§ GOAL OF THE EXERCISE
Give the lines below again, exactly as they stand, and leave out the images.
START DATA LISTING
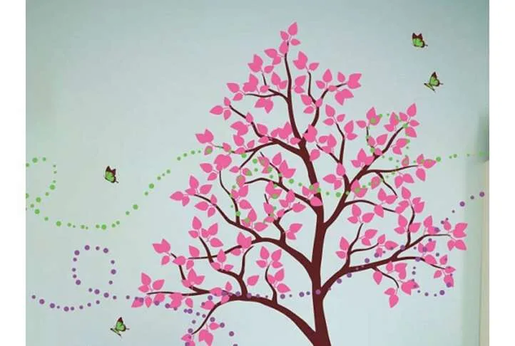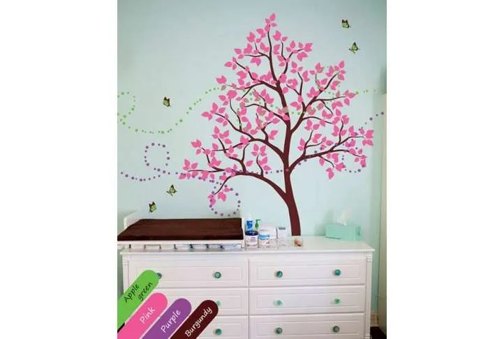 The stunningly large wall print comprises of a tree with pink leaves and lots of butterflies. You also have the option to customise the print with your own colour requests.
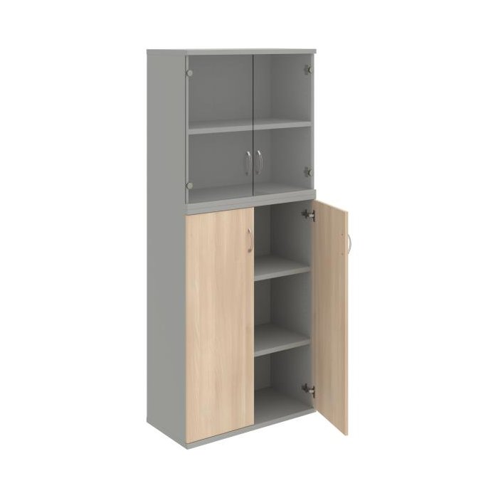 Kombinovaná skriňa - dvere/nika. Kancelárske skrine STRONG majú robustnú konštrukciu a vyššiu nosnosť políc ako bežné kancelárske skrine.V ponuke sú skriňové moduly s výškou 185 cm, 111 cm alebo 74 cm a šírky 80 cm alebo 40 cm. Hĺbka všetkých modelov skriňového radu STRONG je 40 cm.Chrbát, vyrobený z 8 mm hrubých dosák, je obojstranne pohľadový, takže skrine môžete použiť ako priestorový deliaci prvok. Hrúbka samotných políc je 25 mm, čo znamená nosnosť 80 kg na 1 policu.Korpusy, dvierka a police skríň sú olepené odolnou 2mm ABS hranou, ktorá garantuje dostatočnú ochranu proti poškodeniu.
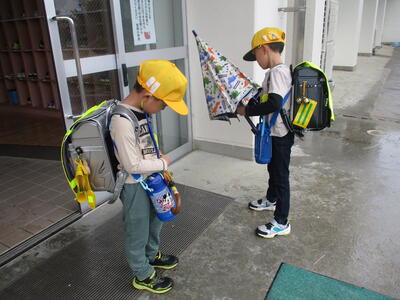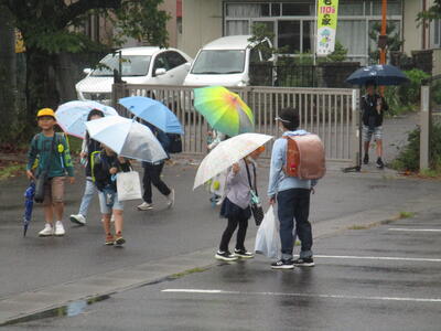 9月27日 今日は朝から雨模様。傘を差しながらでは歩きづらかったと思いますが、班長さんを先頭にがんばって登校してきました。改めて見てみると、1年生にとって傘は大きいですね。傘を差している時の歩き方について、改めて注意を促していきます。
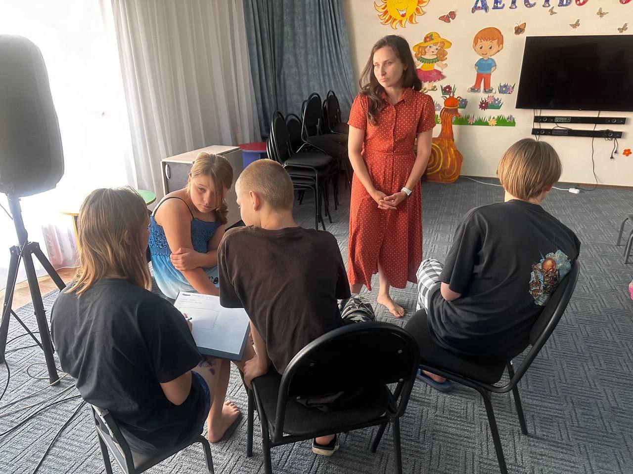30 июня 2024 года, в рамках реализации проекта "Будь кем хочешь", президент Общественно полезного благотворительного фонда "Живи Донбасс", член ЛРОО "Союз женщин Донбасса" Марина Соловьева, педагог Елена Агибалова и психолог Ольга Шарата провели занятие с воспитанниками ГБОУ ЛНР "Луганский детский дом" - учащимися 7-9 классов.
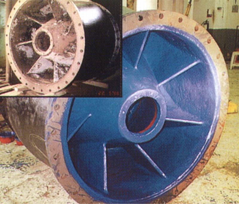 Trám phục hồi mặt bích đầu hút, vỏ và cánh máy bơm bị mòn
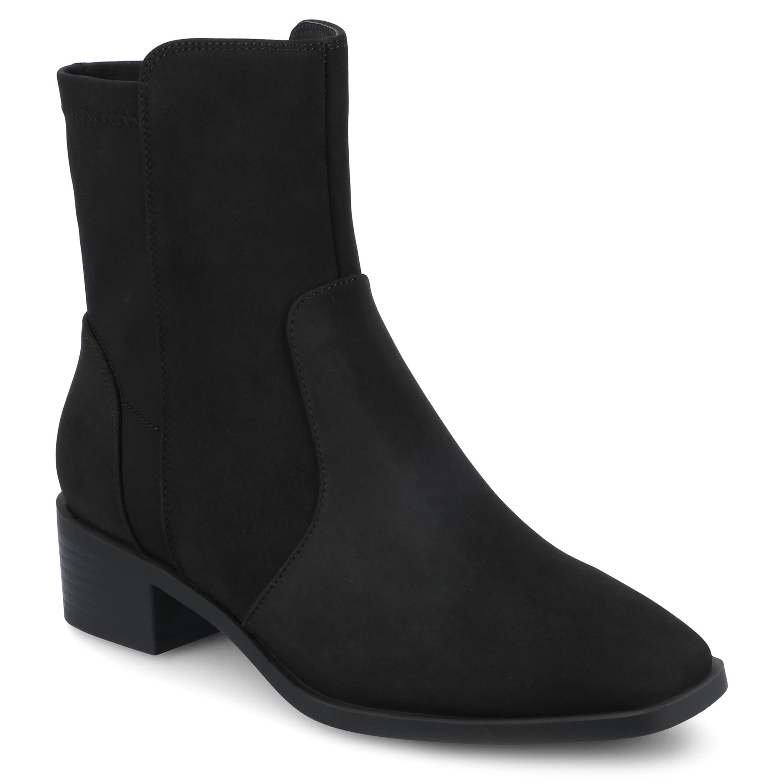 Charge your look with the chic Journee Collection Renna bootie. With a faux suede upper featuring a softly squared toe, this Chelsea boot is a great addition for fall. Move easy on the 4 mm Journee Comfort System insole and low heel.
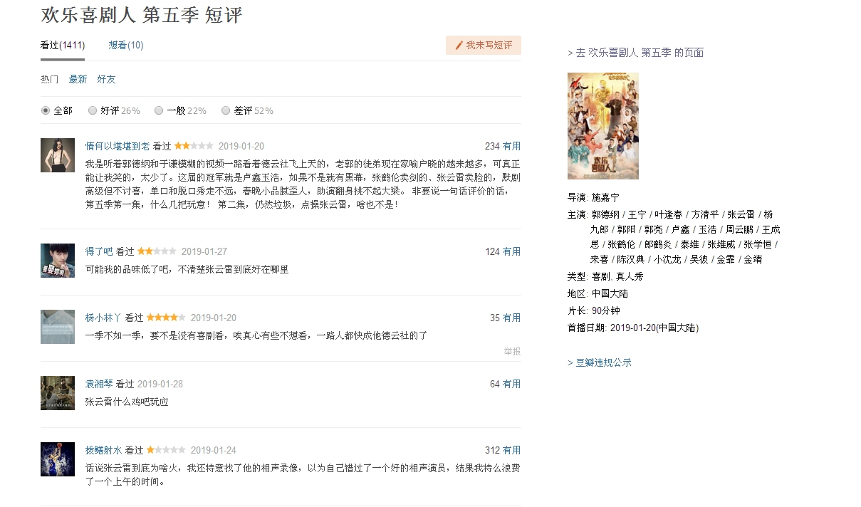 而《欢乐喜剧人》第六季的另一个“弊端”,可能是郭德纲的主持,及其德云社的参赛。第五季的喜剧人,因为德云社张云雷等人的参赛,被豆瓣网友吐槽无数。第五季,观众评分也跌落到不及格的5.2分。而第一季的喜剧人,曾获得8.2分的超好成绩。
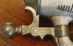 Pewterer's touchmark on the underside of the lid of the featured glass stein, above.
END DATA LISTING
§ SOLUTION FOR THIS PROBLEM
 The stunningly large wall print comprises of a tree with pink leaves and lots of butterflies. You also have the option to customise the print with your own colour requests.
 Kombinovaná skriňa - dvere/nika. Kancelárske skrine STRONG majú robustnú konštrukciu a vyššiu nosnosť políc ako bežné kancelárske skrine.V ponuke sú skriňové moduly s výškou 185 cm, 111 cm alebo 74 cm a šírky 80 cm alebo 40 cm. Hĺbka všetkých modelov skriňového radu STRONG je 40 cm.Chrbát, vyrobený z 8 mm hrubých dosák, je obojstranne pohľadový, takže skrine môžete použiť ako priestorový deliaci prvok. Hrúbka samotných políc je 25 mm, čo znamená nosnosť 80 kg na 1 policu.Korpusy, dvierka a police skríň sú olepené odolnou 2mm ABS hranou, ktorá garantuje dostatočnú ochranu proti poškodeniu.
 9月27日 今日は朝から雨模様。傘を差しながらでは歩きづらかったと思いますが、班長さんを先頭にがんばって登校してきました。改めて見てみると、1年生にとって傘は大きいですね。傘を差している時の歩き方について、改めて注意を促していきます。
30 июня 2024 года, в рамках реализации проекта "Будь кем хочешь", президент Общественно полезного благотворительного фонда "Живи Донбасс", член ЛРОО "Союз женщин Донбасса" Марина Соловьева, педагог Елена Агибалова и психолог Ольга Шарата провели занятие с воспитанниками ГБОУ ЛНР "Луганский детский дом" - учащимися 7-9 классов.
 Trám phục hồi mặt bích đầu hút, vỏ và cánh máy bơm bị mòn
 Charge your look with the chic Journee Collection Renna bootie. With a faux suede upper featuring a softly squared toe, this Chelsea boot is a great addition for fall. Move easy on the 4 mm Journee Comfort System insole and low heel.
 而《欢乐喜剧人》第六季的另一个“弊端”,可能是郭德纲的主持,及其德云社的参赛。第五季的喜剧人,因为德云社张云雷等人的参赛,被豆瓣网友吐槽无数。第五季,观众评分也跌落到不及格的5.2分。而第一季的喜剧人,曾获得8.2分的超好成绩。
 Pewterer's touchmark on the underside of the lid of the featured glass stein, above.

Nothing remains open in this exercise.